Outdoor Wisconsin host Dan Small, also Editor of Wisconsin Outdoor News, keeps an eye on Wisconsin's great outdoors. In this month's column, Dan looks at the coexistence of wildlife and humans in our urban areas.


Urban Wildlife Close Encounters

by Dan Small

The closest I've ever been to a live coyote on the loose was in my front yard. I was mowing the half-acre of lawn that sprawls from the house to the Milwaukee River one afternoon seven years ago, when a dog trotted out of the woods and angled across the yard. It passed within 20 feet of my riding mower and, without breaking stride, disappeared into the brush on the other side of the yard, just as I realized the "dog" was in fact a coyote. It appeared in good health and paid no attention to me at all.
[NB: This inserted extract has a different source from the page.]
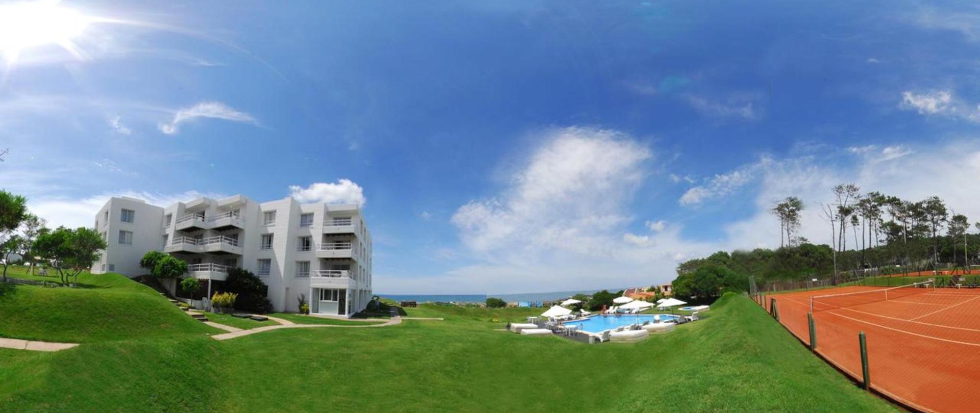 El hotel está rodeado de un parque de 9.000 metros cuadrados, lo que lo convierte en un lugar especial para la práctica de los deportes al aire libre, cuenta con 3 piscinas, solárium, 2 hidromasajes externos climatizados y juegos para niños.

In the winter, I'd occasionally seen coyote tracks in the woods that surround the house, and I'd frequently seen their tracks on winter hunts in southern Ozaukee County since the early 1980s, but this was the first time I'd seen one out in broad daylight.
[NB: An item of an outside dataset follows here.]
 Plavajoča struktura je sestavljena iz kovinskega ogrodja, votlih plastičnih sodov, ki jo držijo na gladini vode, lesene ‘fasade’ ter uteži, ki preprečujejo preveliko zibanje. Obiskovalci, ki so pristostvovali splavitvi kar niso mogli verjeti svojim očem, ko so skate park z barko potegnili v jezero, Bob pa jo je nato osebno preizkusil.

Now, people are seeing coyotes in the metro area all the time, and some folks want them controlled so they don't eat their wayward pets. It seems the abundant green space provided by county parks, coupled with miles of river corridor and undeveloped Lake Michigan shoreline, have offered the opportunistic coyote a chance to get a foothold right in town, and he's making himself at home. Sound familiar? Deer and Canada geese have followed essentially the same scenario, although their presence creates slightly different problems. Deer eat ornamental shrubs, flowers, fruit trees and vegetable gardens, and they jump in front of our vehicles. Geese foul parks, golf courses and waterfront lawns with their droppings.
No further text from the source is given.